I have been in great dangers; many times not knowing when I would be shot down, either in the pulpit, or going to and from meetings…But I said I would never run, nor compromise. The Lord would always put His mighty power on me, so that He took all fear away, and made me like a giant…If in any way they had tried to shoot, or kill me, He would have struck them dead, and I sometimes told them so. Maria Woodworth-Etter (1844-1924)
Maria was born again at the age of 13, and immediately dedicated her life to “going out in the highways and hedges and gathering in the lost sheep.” Her first plan was to marry a missionary but her father died suddenly and she was faced with the task of supporting her family. She had six children by her first husband, P.H. Woodworth who was a farmer. Five of her children died young, leaving her with a daughter.
As Maria studied the Bible diligently, she concluded that God had used women as ministers, prophets and leaders and that Joel’s prophecy that God would pour out his Spirit on all flesh specifically applied to women. Then she had a vision. Angels took her over a long field of waving grain. In the vision, she began to preach and the grain began to fall like sheaves.
Soon after this vision, she began ministering to small groups in her community. Everywhere she went, people would fall to the floor, weeping, under a deep conviction of sin. She began traveling and wherever she went there was a demonstration of the Holy Spirit with hundreds miraculously healed and hundreds finding Christ.
By the time she was in her early 40s, she was preaching to crowds of over 25,000 without a public address system in crusades around the country. Hundreds fell to the ground under the power of God and the secular world was amazed at the demonstrations of God’s power as people were healed and set free.
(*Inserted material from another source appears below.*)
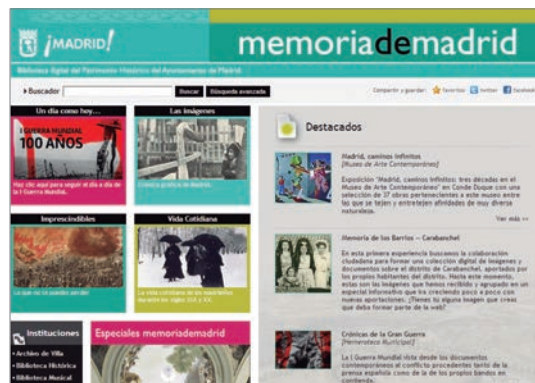
Detalle de la página web.

L a Biblioteca Digital memoriademadrid nació en 2008 con el propósito de digitalizar la documentación histórica que custodia el Ayuntamiento de Madrid. Desde esa fecha, ha formado una importante colección digital en la que se encuentran representados fondos de naturaleza tan distinta como los conservados en los archivos, bibliotecas o museos del Ayuntamiento, intentando establecer relaciones entre ellos para lograr una visión global del patrimonio histórico municipal.

Thousands found Christ during these meetings.
Eventually, Maria divorced her husband for infidelity. She later became Maria Woodworth-Etter when she married Samuel Etter, who became a partner in her work for the remaining 12 years of his life.
Maria Woodworth-Etter has been called the grandmother of the Pentecostal movement. She had a profound influence on people such as Smith Wigglesworth, Aimee Semple-McPherson, John Alexander Dowie, John G. Lake and Kathryn Kuhlman.
For the last years of her life, she ministered from one of the churches she had started in Indianapolis. As she became weaker, she would be carried to the pulpit and finally ministered from her bed. She died at the age of 80.